Designing a Concise and Consistent GraphQL API

The web world moves quickly; every developer involved with this ecosystem is painfully aware of this fact. The state-of-the-art stack you start building your startup with today is considered ancient technology within the next 3 months. Even so, there are a few timeless (at least at Javascript-speed) gems produced in this world. GraphQL is a technology that has been around for about 2 years now and it integrates well with the React/Relay stack to provide a more complete ecosystem for a web developer to work in. While Facebook and others have done a fine job discussing the merits of GraphQL and why you would use it (read: I'll let them convince you it's a good idea), we're going to discuss how to harness its power in a very reproducible way.

Difficulties with GraphQL

GraphQL is a great piece of technology. However, as a developer you're left with few guidelines to get moving quickly. In and of itself, GraphQL is a very non-opinionated interchange format. More specifically, it describes a graph-based structure for accessing and modifying data. While data access may seem like a straightforward task when previewing GraphQL, mutations are vague and very under-spec'ed out of box. While in theory (and practice once you've wrapped your head around it) this is actually a good thing for maximum flexibility, it leaves many developers scratching their heads wondering what to do.

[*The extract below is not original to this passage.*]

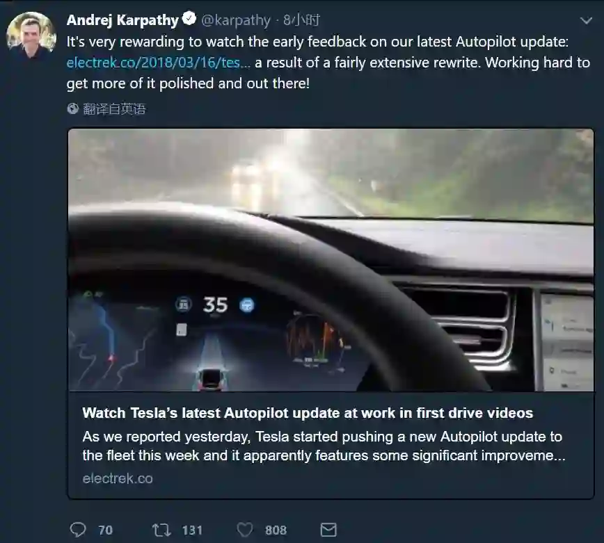 特斯拉人工智能和自动驾驶视觉总监 Andrej Karpathy 非常高兴能够看到人们对新一代自动驾驶系统作出的反馈,他表示 Autopilot 2.0 软件系统经历了「相当大规模的重写」。

GraphQL gains much of its power from this broad flexibility. At the same time, this flexibility creates a lot of cognitive overhead on developers. To date, most-- if not all-- GraphQL API's I have seen are hand-written. This is a cumbersome task. As we move to client-side apps, the backend servers are becoming more like secure datastores which enforce business constraints on data. This was likely always the case in traditional web development as well, but the backend was often merged with UI and UI generation code; as a result, this distinction was blurred. The only other logic performed on these servers is now often private computations which should be concealed from the clients' code. Moreover, with hand-written endpoints, it's difficult to guarantee both API consistency and complete functionality from one endpoint to the next.

Ultimately, this creates an API ecosystem where each endpoint is different. Namely, understanding how to operate one endpoint within my own GraphQL application doesn't necessarily guarantee I can properly operate others (much less other GraphQL apps in general). This would then require copious amounts of documentation on each endpoint for any developer to get up and running effectively. This is more reminiscent of my hardware days-- scanning through datasheets of similar components-- than it is of developing highly generic and reusable software components.

Solving these GraphQL Difficulties

As luck would have it, we already have a solution to eliminating the boilerplate for hand-written endpoints. In 2015, we built Elide. Elide enables developers to model their data using JPA, communicate with arbitrary datastores, secure it using meaningful expressions, and write custom code where necessary. It's been a large-scale, multi-year effort, but it has proven very effective on our own products. In any case, this is a solution designed to solve all the problems that fallout from hand-written endpoints: API consistency, uniform functionality, proper security, developer boredom, etc. The only problem: it didn't support GraphQL (and is only now in the 4.0 beta).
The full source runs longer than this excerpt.